Progrès économique et inclusion politique sont liés, et imaginer qu’ils peuvent être séparés est une erreur. En termes simples, il est extrêmement difficile d’améliorer l’économie d’un pays dans un contexte de chaos politique croissant et de troubles sociaux. Il est vrai que les régimes autoritaires – maniant les outils de la répression – peuvent apparaître efficients et efficaces. Un autocrate peut rapidement mobiliser toutes les ressources de l’État et imposer des réformes sans les maux de tête d’une opposition parlementaire, par exemple. Mais une stratégie économique personnalisée et soumise aux caprices d’un dirigeant imprévisible peut également masquer des problèmes sous-jacents qui s’aggravent avec le temps.

La seule façon de soulager les Tunisiens ordinaires – à moyen et à long terme, sinon nécessairement à court terme – est de sortir de l’impasse politique du pays. Exercer des pressions par le biais des pourparlers avec le FMI n’est pas la seule option, mais c’est la meilleure disponible. Il existe d’autres leviers à la disposition des États-Unis, mais ils sont plus coercitifs et risquent d’être des ratés. Par exemple, l’administration Biden pourrait utiliser la loi Global Magnitsky pour sanctionner Saied et d’autres hauts responsables pour violations des droits de l’homme, comme certains militants tunisiens ont suggéré.

Si le FMI renfloue un Saïed sans vergogne, il portera la responsabilité directe de la fin de la démocratie tunisienne.

Mais les États-Unis seraient plus intelligents en retenant des carottes qu’en brandissant des bâtons. Bien que Saied lui-même puisse être indifférent aux pressions extérieures, ceux qui l’entourent ne sont pas nécessairement une cause perdue, du moins pas encore. Avec un effet de levier considérable à sa disposition, Washington peut offrir à la Tunisie la perspective d’une stabilité politique et d’une bouée de sauvetage économique, au lieu de privilégier l’un au détriment de l’autre. Rien de moins que cela reviendrait à ce que le FMI subventionne et permette l’autoritarisme tunisien au moment même où la Tunisie devient plus autoritaire.

En cas de défaillance du pays, les responsables tunisiens auraient encore plus de raisons de remplir les conditions politiques liées à l’aide d’urgence du FMI et d’autres donateurs internationaux. Si Saied refuse toujours de bouger, alors lui seul portera la responsabilité politique et morale de l’effondrement qui en résultera. À ce stade, Saied se retrouverait probablement encore plus isolé, invitant à une plus grande pression de la part de l’armée et d’autres institutions étatiques pour changer de cap. Bien que ce soit loin d’être un scénario idéal, il serait tout de même préférable à une issue à moyen ou long terme dans laquelle Saied plongerait la Tunisie dans un autoritarisme inflexible qui pourrait durer des années, voire des décennies.

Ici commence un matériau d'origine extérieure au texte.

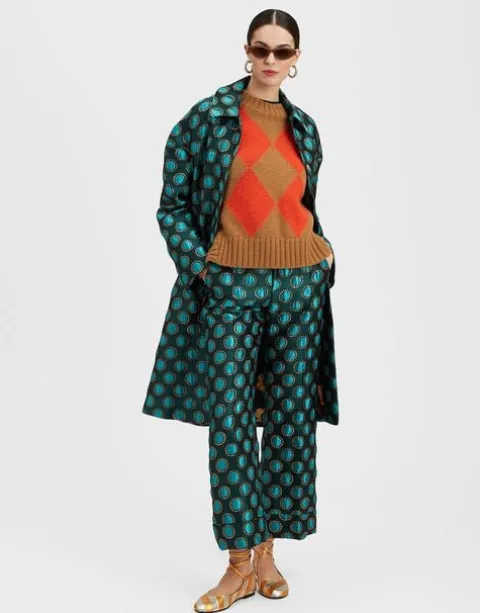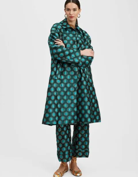 A coat so opulent no-one will care what you’ve got on underneath. Featuring a rounded collar, side pockets and generous swing-cut hemline, it sits perfectly over all your cold-weather clothes – even the bulkiest of sweaters are no match. In this opulent Winter Sun jacquard, it’ll glide you through all of winter’s most fabulous invites with dazzle and charm no matter how tricky the dress code. We’re wearing it with the matching Big Dress underneath.

D’un autre côté, si le FMI renfloue un Saied sans vergogne, il portera la responsabilité directe de la fin de la démocratie tunisienne et conduira des millions de Tunisiens à un destin tragique. Et si l’administration Biden permet au FMI d’aller de l’avant sans imposer de nouvelles conditions, alors les États-Unis partageront le blâme.